## [Dataset content]
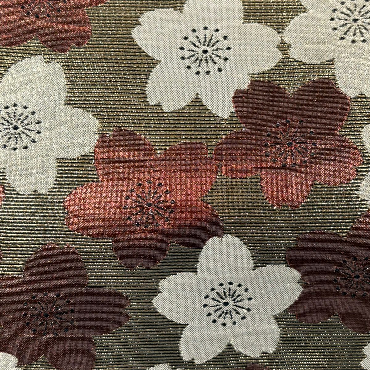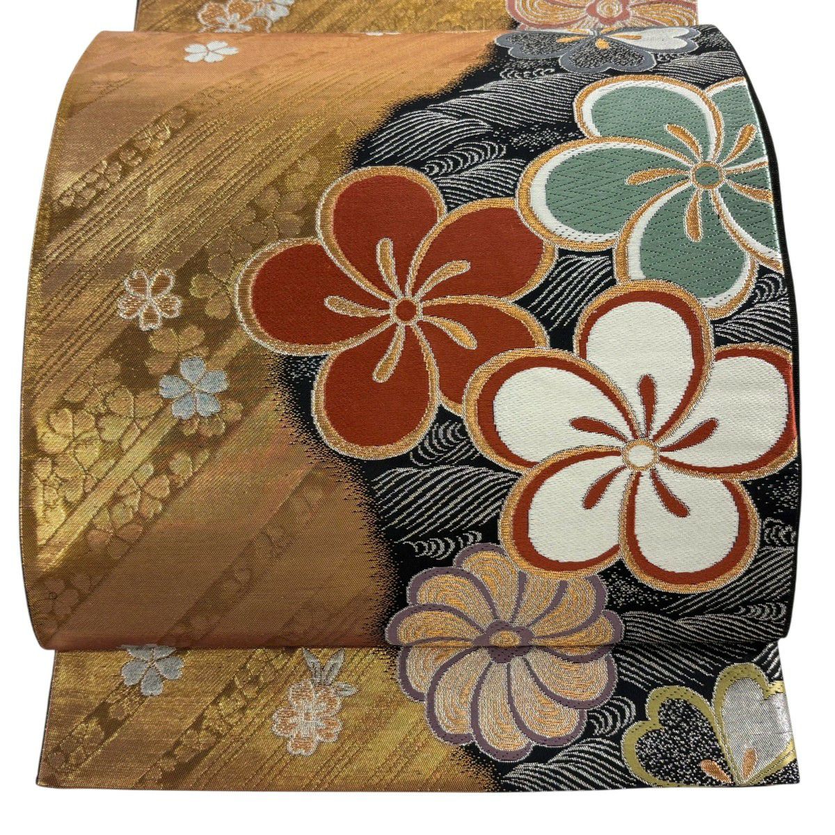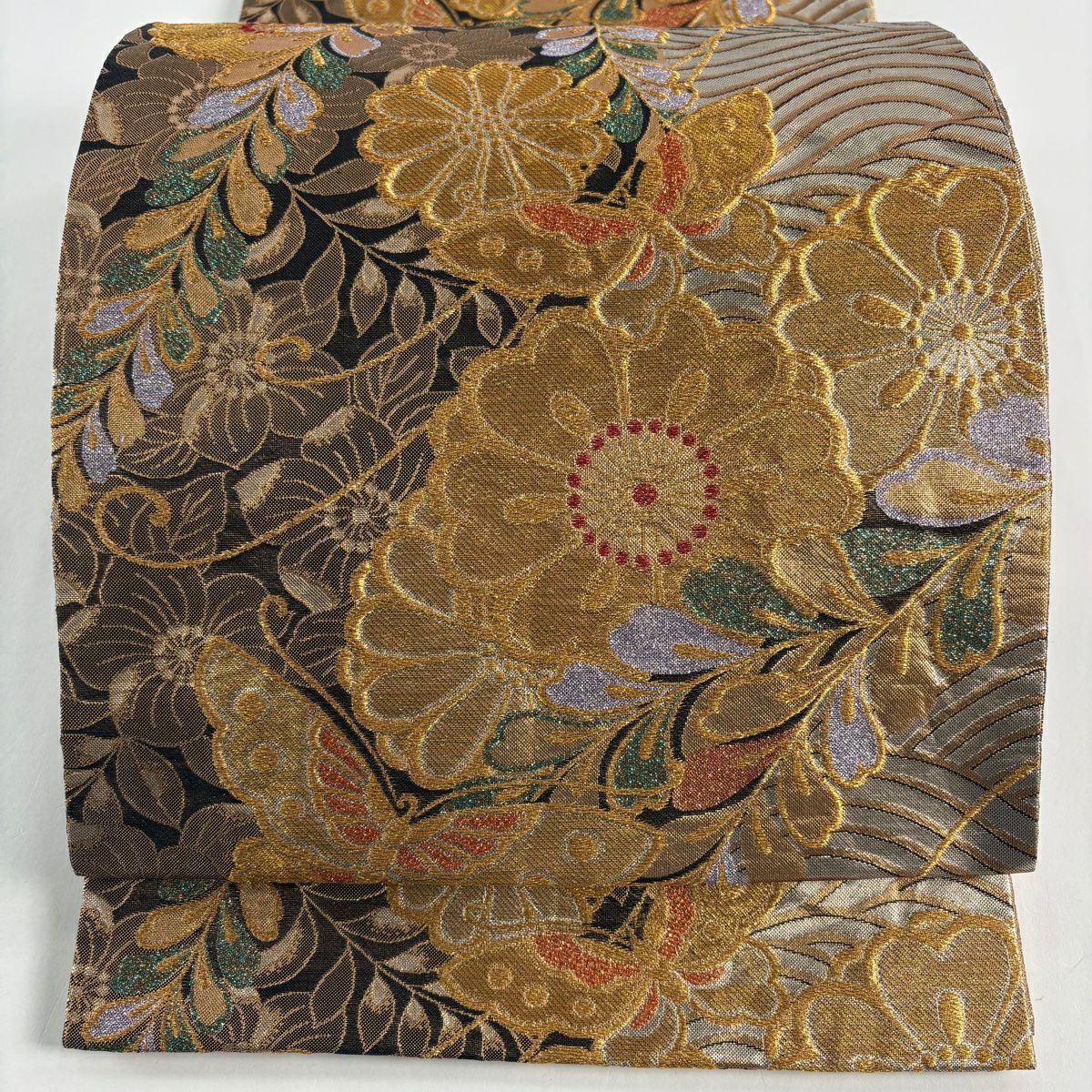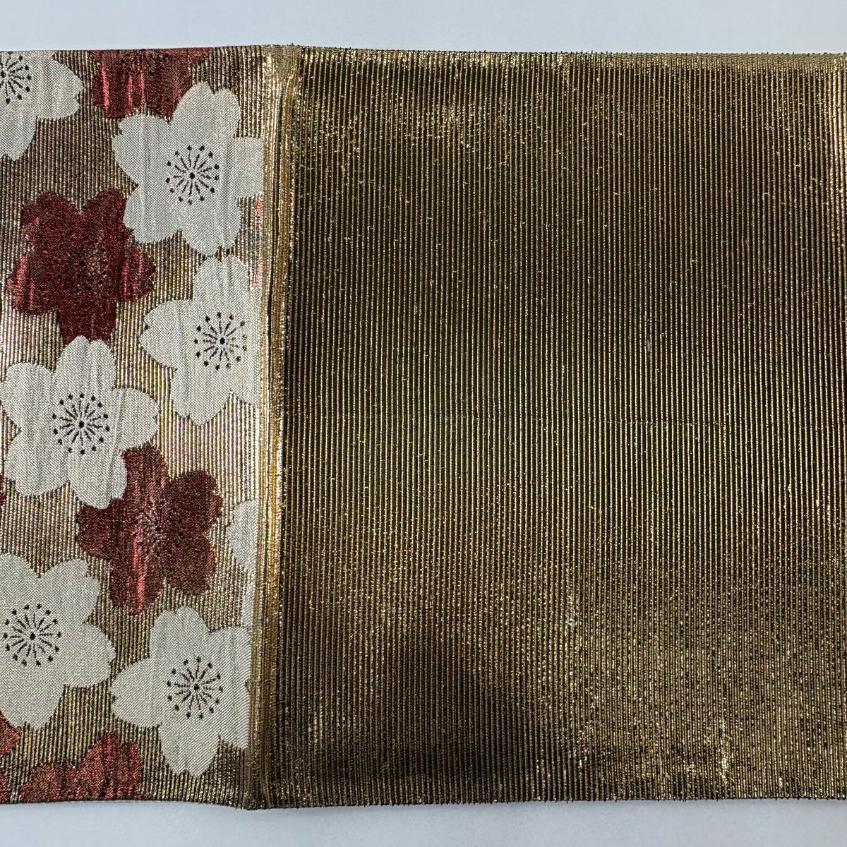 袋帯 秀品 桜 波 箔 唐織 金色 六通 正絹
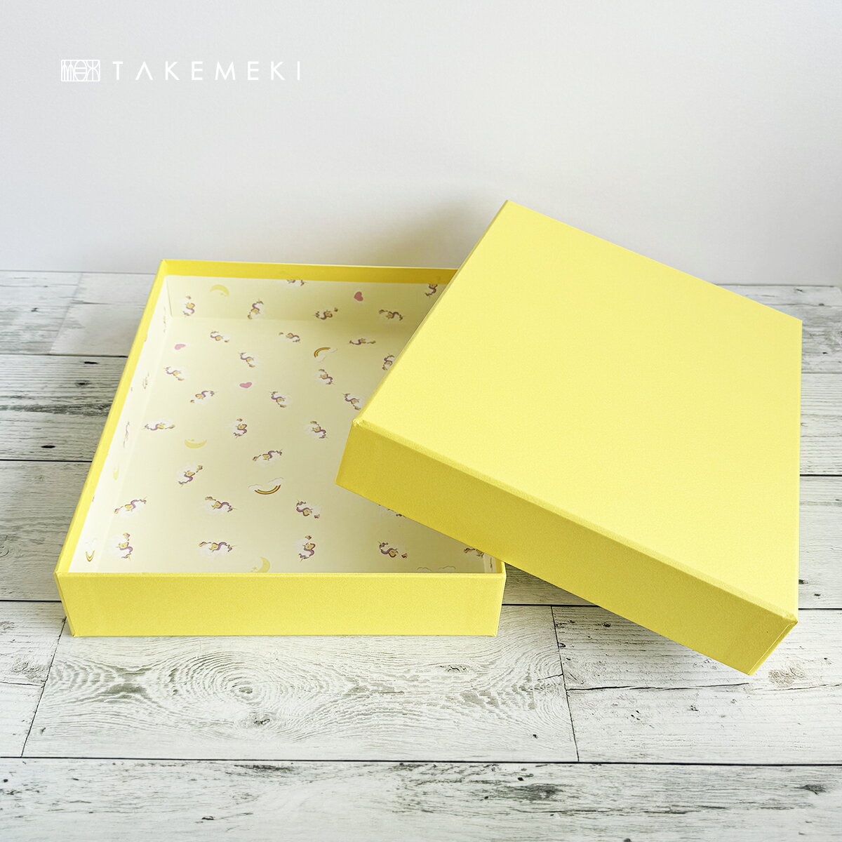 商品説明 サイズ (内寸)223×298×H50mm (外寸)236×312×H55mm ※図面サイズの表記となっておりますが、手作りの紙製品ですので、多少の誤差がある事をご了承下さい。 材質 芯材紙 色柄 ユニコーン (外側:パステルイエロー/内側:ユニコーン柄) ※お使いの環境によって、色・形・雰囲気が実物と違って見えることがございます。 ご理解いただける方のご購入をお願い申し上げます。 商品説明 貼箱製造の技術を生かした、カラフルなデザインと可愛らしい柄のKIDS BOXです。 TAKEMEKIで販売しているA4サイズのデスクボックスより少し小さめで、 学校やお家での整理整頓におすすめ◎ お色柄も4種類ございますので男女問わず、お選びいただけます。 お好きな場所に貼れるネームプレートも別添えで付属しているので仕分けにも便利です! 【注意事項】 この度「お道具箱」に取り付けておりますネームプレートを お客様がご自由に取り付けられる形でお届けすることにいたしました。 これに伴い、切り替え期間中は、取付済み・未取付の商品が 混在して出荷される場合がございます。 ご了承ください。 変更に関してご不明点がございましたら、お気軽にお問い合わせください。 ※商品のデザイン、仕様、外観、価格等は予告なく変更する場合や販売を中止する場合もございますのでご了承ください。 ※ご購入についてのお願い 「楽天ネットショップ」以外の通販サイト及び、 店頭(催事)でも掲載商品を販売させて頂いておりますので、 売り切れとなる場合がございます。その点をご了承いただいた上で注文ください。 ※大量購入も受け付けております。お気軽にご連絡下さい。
--
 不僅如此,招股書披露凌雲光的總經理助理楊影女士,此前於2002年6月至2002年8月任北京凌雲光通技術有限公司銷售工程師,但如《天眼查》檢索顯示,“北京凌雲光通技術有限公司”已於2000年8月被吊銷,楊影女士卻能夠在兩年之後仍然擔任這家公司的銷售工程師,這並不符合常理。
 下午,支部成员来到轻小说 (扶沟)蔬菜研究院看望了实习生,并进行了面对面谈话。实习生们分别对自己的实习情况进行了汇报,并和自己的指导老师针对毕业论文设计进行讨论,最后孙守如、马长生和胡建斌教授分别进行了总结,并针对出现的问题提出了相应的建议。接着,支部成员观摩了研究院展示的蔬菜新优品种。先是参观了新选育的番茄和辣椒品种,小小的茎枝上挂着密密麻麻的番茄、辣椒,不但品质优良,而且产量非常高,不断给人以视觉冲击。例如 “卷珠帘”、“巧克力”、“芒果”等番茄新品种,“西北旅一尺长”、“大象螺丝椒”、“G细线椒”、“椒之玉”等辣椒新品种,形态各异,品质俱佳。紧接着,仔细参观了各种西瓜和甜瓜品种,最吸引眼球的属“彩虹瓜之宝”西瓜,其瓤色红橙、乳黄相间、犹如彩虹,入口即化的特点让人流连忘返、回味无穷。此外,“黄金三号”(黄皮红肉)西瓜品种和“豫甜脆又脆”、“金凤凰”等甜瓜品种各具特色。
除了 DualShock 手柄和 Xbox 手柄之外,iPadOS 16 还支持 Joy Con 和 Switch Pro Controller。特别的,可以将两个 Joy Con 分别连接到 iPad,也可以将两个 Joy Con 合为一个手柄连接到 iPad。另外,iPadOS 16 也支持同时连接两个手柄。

## [Instructions to follow]
From the listing above, please give again the lines that begin with the line holding "袋帯 秀品 桜 波 箔 唐織 金色 六通 正絹" and go on through the line holding "商品説明 サイズ (内寸)223×298×H50mm", exactly, both ends included, minus any picture.

## [Written response]
 袋帯 秀品 桜 波 箔 唐織 金色 六通 正絹
 商品説明 サイズ (内寸)223×298×H50mm (外寸)236×312×H55mm ※図面サイズの表記となっておりますが、手作りの紙製品ですので、多少の誤差がある事をご了承下さい。 材質 芯材紙 色柄 ユニコーン (外側:パステルイエロー/内側:ユニコーン柄) ※お使いの環境によって、色・形・雰囲気が実物と違って見えることがございます。 ご理解いただける方のご購入をお願い申し上げます。 商品説明 貼箱製造の技術を生かした、カラフルなデザインと可愛らしい柄のKIDS BOXです。 TAKEMEKIで販売しているA4サイズのデスクボックスより少し小さめで、 学校やお家での整理整頓におすすめ◎ お色柄も4種類ございますので男女問わず、お選びいただけます。 お好きな場所に貼れるネームプレートも別添えで付属しているので仕分けにも便利です! 【注意事項】 この度「お道具箱」に取り付けておりますネームプレートを お客様がご自由に取り付けられる形でお届けすることにいたしました。 これに伴い、切り替え期間中は、取付済み・未取付の商品が 混在して出荷される場合がございます。 ご了承ください。 変更に関してご不明点がございましたら、お気軽にお問い合わせください。 ※商品のデザイン、仕様、外観、価格等は予告なく変更する場合や販売を中止する場合もございますのでご了承ください。 ※ご購入についてのお願い 「楽天ネットショップ」以外の通販サイト及び、 店頭(催事)でも掲載商品を販売させて頂いておりますので、 売り切れとなる場合がございます。その点をご了承いただいた上で注文ください。 ※大量購入も受け付けております。お気軽にご連絡下さい。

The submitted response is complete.